Долго стояли у дорогой могилы русские воины, французские и чешские девушки. Попытались приблизиться к ней и американские летчики с букетами роз из баронской оранжереи. К ним навстречу вышел Жижка. Гневом сверкнули его глаза:
— Уходите. Здесь место свято. Уходите немедленно. Иначе…
На могиле Петровна не плакала. Казалось, она окаменела от горя.
— Не терзай себя так, мама. Не терзай. Мы все теперь сыны твои, все, — говорил ей мичман Ткачук, и скупые слезы катились, впервые за всю войну, по лицу этого бывалого воина.
Никто не спал в ту ночь. Нам хотелось невозможного: хотелось воскресить, вернуть к жизни Звездочку и Сергея. А еще… еще нам всем очень хотелось в бой.
Мы вышли в поход утром.

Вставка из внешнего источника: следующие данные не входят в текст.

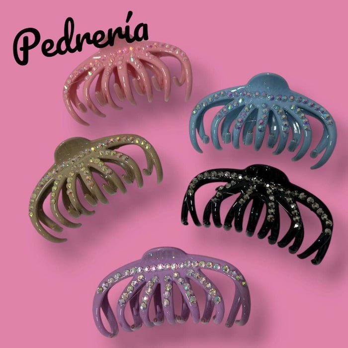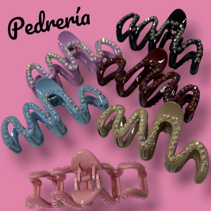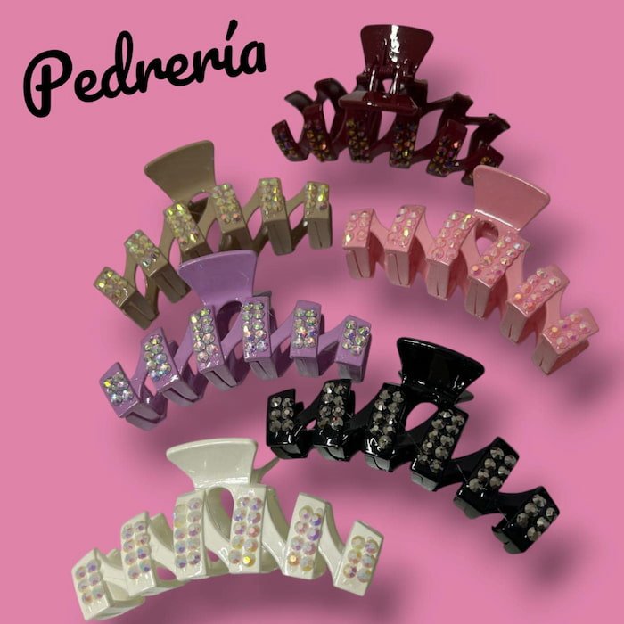 Pinza con pedrería en varios diseños, perfecta para añadir un toque de glamour y elegancia a tu peinado. ¡Brilla con estilo en cada detalle!
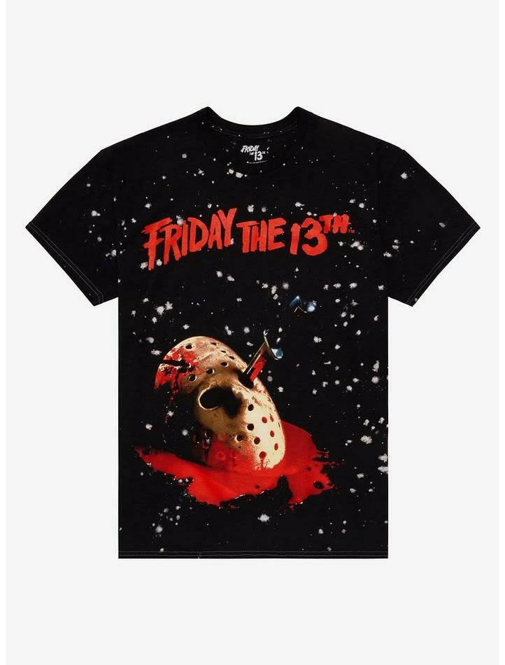 Looking to add something killer to your wardrobe? Add more to your horror collection with this tee from Friday the 13th! Rep Jason with this jumbo print top, featuring the movie title in bloody red font across the top, plus Jason’s mask with a knife stabbed through it, resting on a pool of blood. Comes with a white paint splatter design throughout.
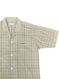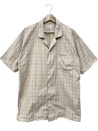 Vintage Burberrys nova check pajama shirt from the golden era before the rebrand. This is not your basic Burberry piece - this comes from the Japan licensed line, known for its higher quality fabrics and exclusive cuts not seen in Western releases. Features the iconic full nova check pattern in a clean beige tone, paired with a boxy open-collar silhouette that hits perfectly for modern streetwear fits. Embroidered Burberrys chest logo + engraved buttons — subtle but powerful flex. Lightweight 100% cotton construction makes it perfect for layering or wearing solo as a statement summer piece. This is that lowkey luxury archive energy — not loud branding, but instantly recognizable to those who know. Fit: Fits like a boxy M-L (Refer to measurements provided) CONDITION Good vintage condition Minor signs of wear consistent with age No major flaws Shipping & Returns: • Ships worldwide via FedEx/DHL Express (ETA 5-8 business days from Asia) • Buyer responsible for customs/ import fees (if any) • No returns - review all photos & description carefully ありがとうございました(Thank You) ~ rOAdRunNeR cOlleCtioN ~
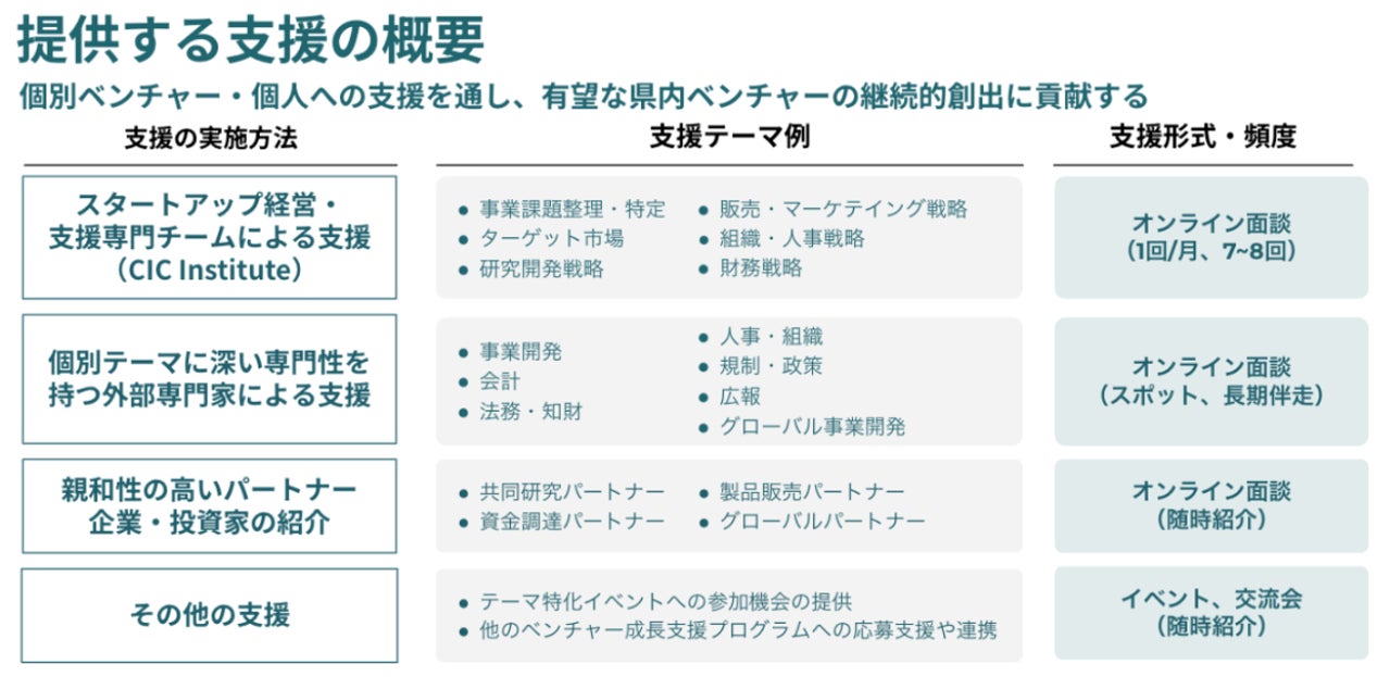 本プログラムの採択企業には、メンタリング、マッチング、セミナーなど、CICの有する国内外のネットワークや千葉県内の支援機関のリソースを活用し、採択企業のニーズに合わせたテーラーメイドの支援が提供されます。
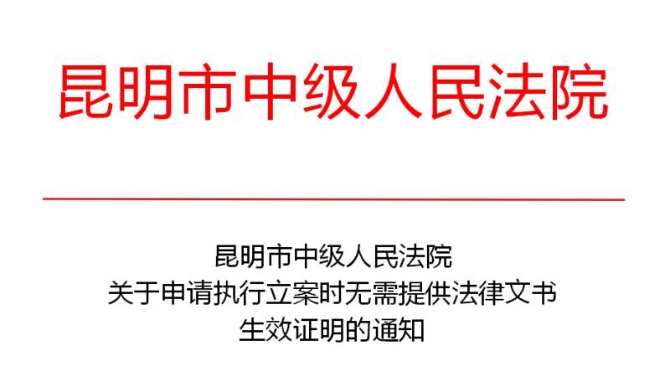 4月29日起 昆明两级法院执行立案无需提供法律文书生效证明
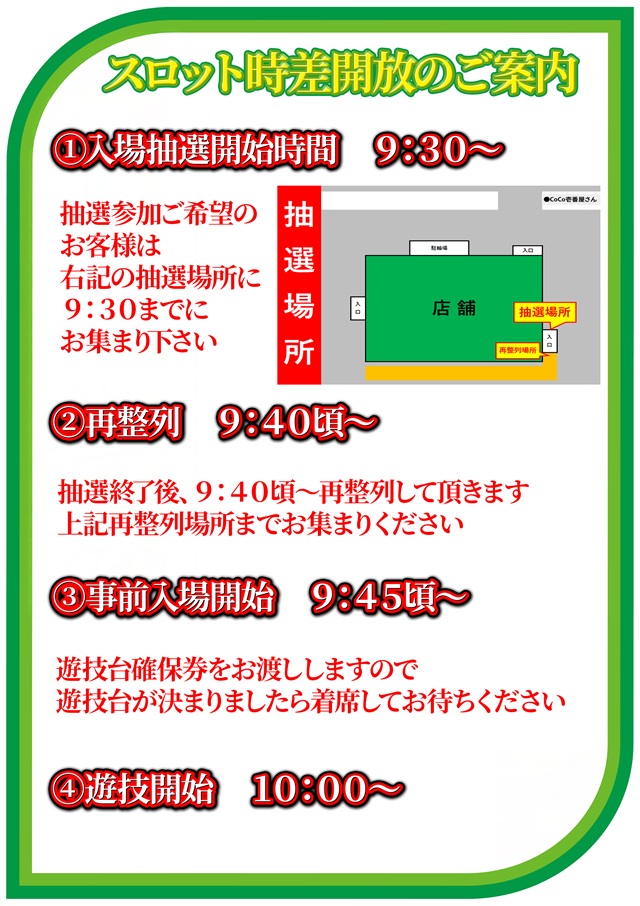 開店30分前の時点で並び順が9名以下の場合は並び順での入場とさせて頂きます。開店入場時に物を置いての場所取りはお断りしています。 |
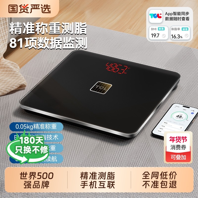 TCL体重秤体脂秤家用精准充电体重称智能电子称减肥专用的秤称重
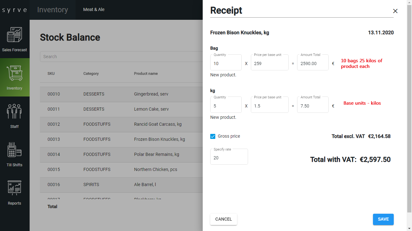 Wszystkie Twoje zakupy powinny być rejestrowane w Syrve. W ten sposób zawsze możesz wiedzieć, ile jedzenia pozostało na stanie. Na tej podstawie możesz zdecydować, czy musisz kupić produkty spożywcze, czy jest na to jeszcze za wcześnie.
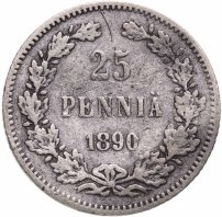 25 пенни 1890 L, монета для Финляндии
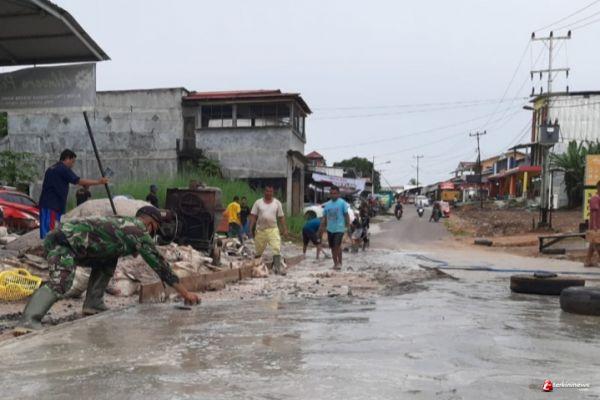 Dalam upaya mengurangi resiko terjadinya kecelakaan lalu lintas yang di sebabkan kerusakan jalan, Babinsa Koramil 1203-06/Manismata bersama masyarakat gotong-royong perbaikan jalan di Desa Manismata, Kecamatan Manismata, Kabupaten Ketapang. Selasa (8/6/2021)
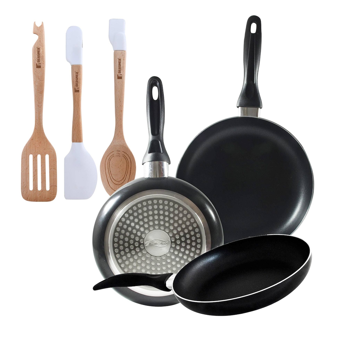 BERGNER - Set aus 3 gepressten Aluminium-Pfannen Ø16/Ø20/Ø24 cm, geeignet für Induktion Navy Black Set 3 Utensilien aus Silikon und Holz
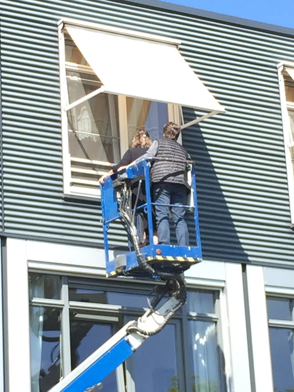 En om alles wat draaglijker te maken mochten we na een tijdje in de hoogwerker van Grad Jansen. Zeer gewaardeerd!! Het was zo fijn om toch even wat dichterbij te zijn ook al zat het raam er nog tussen.
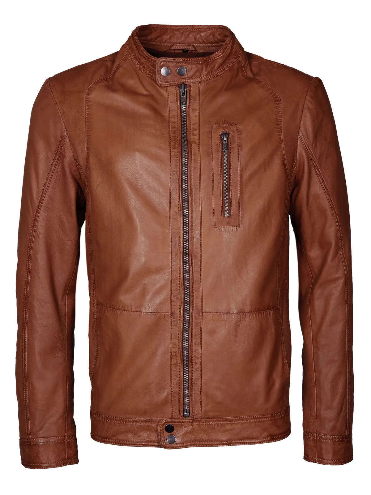 Design: Ritssluiting, Staande kraag, Borstzak, Zakken aan de zijkant; Type sluiting: Ritssluiting; Type jas: Bikerjack; Voering: Licht gevoerd; Materiaal: Leer; Motief: Effen; Extra's: Op staal naden; Pasvorm: Normale pasvorm
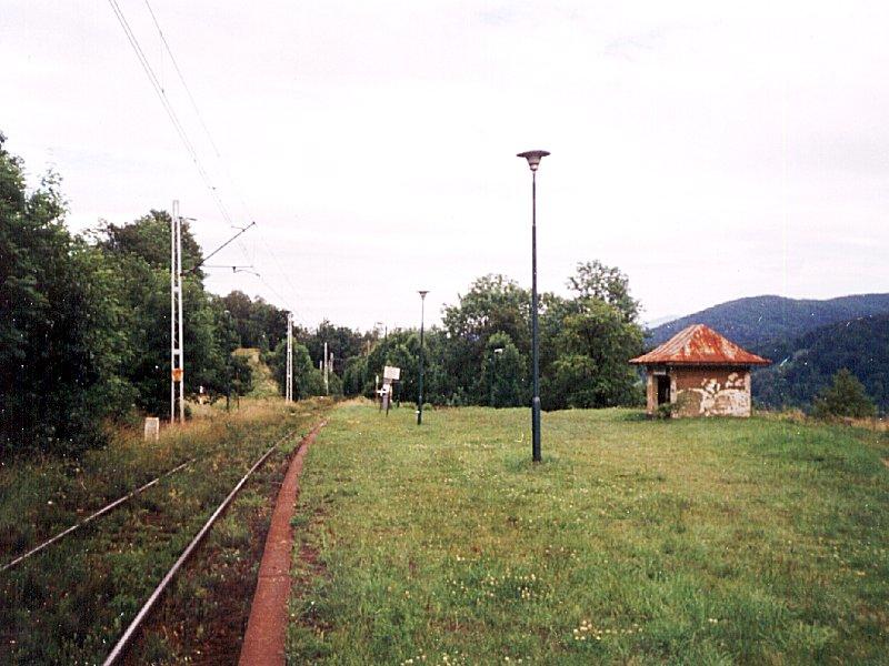 2014: Na peronie stoi budka. 2007-12: Pomyśleć, że pociąg by tu dotrzeć musi pokonać serię zakrętów… Szybciej z Piechowic można tu dość piechotą. Dlatego ten przystanek jest mało popularny, tym bardziej że ulokowano go na stromym zboczu. (info: Marcin Czech). |
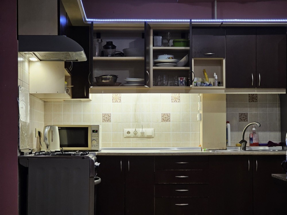 На кухні є весь посуд: ложки, виделки, ножі, каструлі, сковорідки, кружки, тарілки. Багато освітлення створює відчуття простору та затишку. Є вихід на другий закритий балкон.
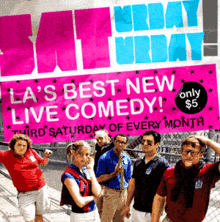 Saturday! Saturday! is a live comedy show featuring LA'S BEST NEW LIVE COMEDY.  Starring IMPROV, SKETCH & STANDUP comedians from NBC's Last Comic Standing, the Upright Citizens Brigade, the Groundlings, IO West Theater, The Second City, the Comedy Store & more.  Hosted by premier LA improv troupe, Robert Downey JR JR.  Plays the third Saturday of each month at the Sidewalk Studio Theatre in Burbank.  FREE beer, wine & bottled water for all guests over 21+ years of age.

С моря тянуло теплым, чуть солоноватым ветром. Впереди лежал широкий, дышащий морским простором Одер — последний рубеж обороны обреченной гитлеровской Германии. Позади высились острые крыши полуразбитого замка. У дороги стояла Петровна. Подняв руку над головой, она благословляла нас на победу.
Последняя неделя апреля. Победа наша близка. Достаточно постоять несколько минут на перекрестках фронтовых дорог, у столба с указателями десятков пунктов вражеской земли, всмотреться в возбужденные лица солдат, в лица большой разноголосой толпы — поляков, русских, голландцев, чехов, освобожденных советскими воинами из неволи, — и становится ясным: история отсчитывает последние часы проклятого фашистского режима.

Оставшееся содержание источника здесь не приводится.